I will admit that "use parallelism even though it's stupid" is how I
thought of force_parallel_mode=on. I thought of it as a testing option
that users shouldn't need to concern themselves with in almost all
cases. I am not at all attached to what I did with
force_parallel_mode, except that it provides some way to test low
memory conditions, and it was something that I thought you'd expect
from this patch.

> What I think would be a lot more useful, and what I sort of expected
> the patch to have, is a way for a user to explicitly control the
> number of workers requested for a CREATE INDEX operation.

I tend to agree. It wouldn't be *very* compelling, because there
doesn't seem to be that much to how many workers are used anyway, but
it's worth having.

> We all know
> that the cost model is crude and that may be OK -- though it would be
> interesting to see some research on what the run times actually look
> like for various numbers of workers at various table sizes and
> work_mem settings -- but it will be inconvenient for DBAs who actually
> know what number of workers they want to use to instead get whatever
> value plan_create_index_workers() decide to emit.

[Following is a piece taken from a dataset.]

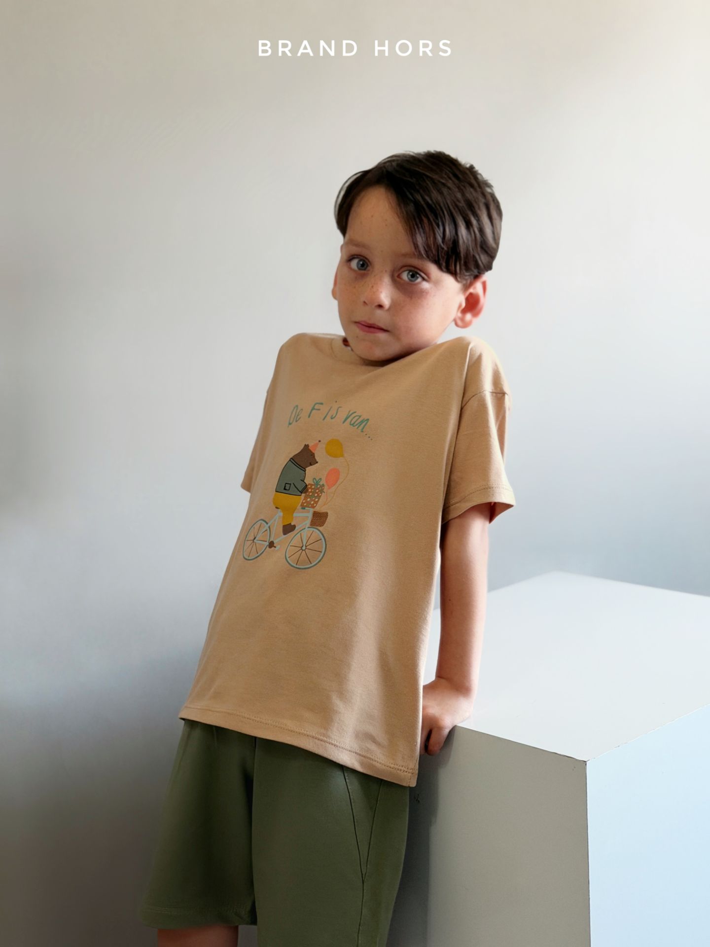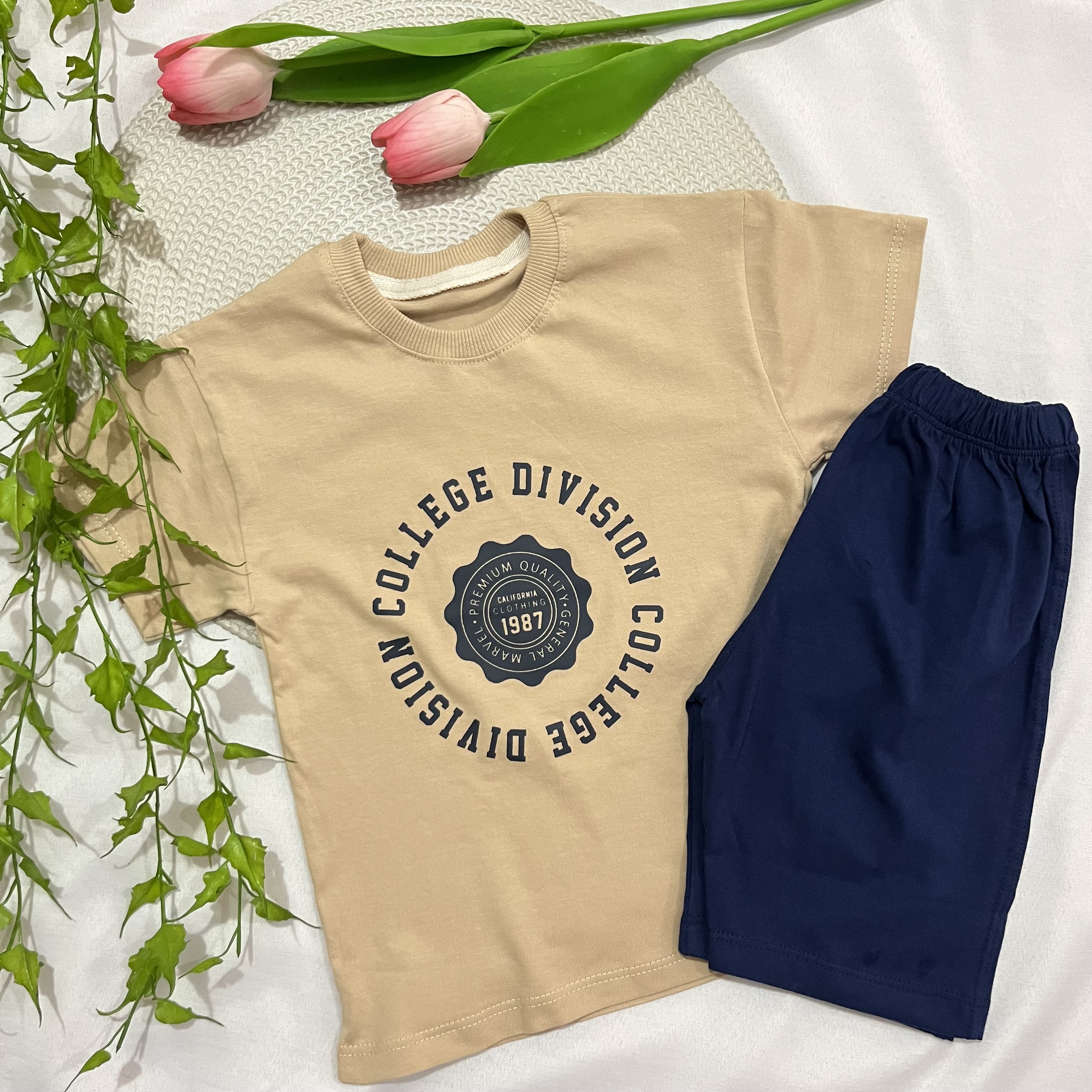 ست بیسکویتی تیشرت و شلوارک بچگانه رنگ کرم و شکلاتی و طوسی | سایز ۳ تا ۱۱ سال

I did a lot of unpublished research on this over a year ago, and
noticed nothing strange then. I guess I could use the box that
Postgres Pro provided me with access to to revisit it.

> They can force it
> by setting the parallel_workers reloption, but that affects queries.
> They can probably also do it by setting min_parallel_table_scan_size =
> 0 and  max_parallel_workers_maintenance to whatever value they want,
> but I think it would be convenient for there to be a more
> straightforward way to do it, or at least some documentation in the
> CREATE INDEX page about how to get the number of workers you really
> want.  To be clear, I don't think that this is a must-fix issue for
> this patch to get committed, but I do think that all reference to
> force_parallel_mode=on should go away.

The only reason I didn't add a "just use this many parallel workers"
option myself already is that doing so introduces awkward ambiguities.
Long ago, there was a parallel_workers index storage param added by
the patch, which you didn't like because it confused the issue in just
the same way as the table parallel_workers storage param does now,
would have confused parallel index scan, and so on. I counter-argued
that though this was ugly, it seemed to be how it worked on other
systems (more of an explanation than an argument, actually, because I
find it hard to know what to do here).

You're right that there should be a way to simply force the number of
parallel workers for DDL commands that use parallelism. You're also
right to be concerned about that not being a storage parameter (index
or otherwise), because that modifies run time behavior in a surprising
way (even if this pitfall *is* actually something that users of SQL
Server and Oracle have to live with).  Adding something to the CREATE
INDEX grammar just for this *also* seems confusing, because users will
think that it is a storage parameter even though it isn't (I'm pretty
sure that almost no Postgres user can give you a definition of a
storage parameter without some prompting).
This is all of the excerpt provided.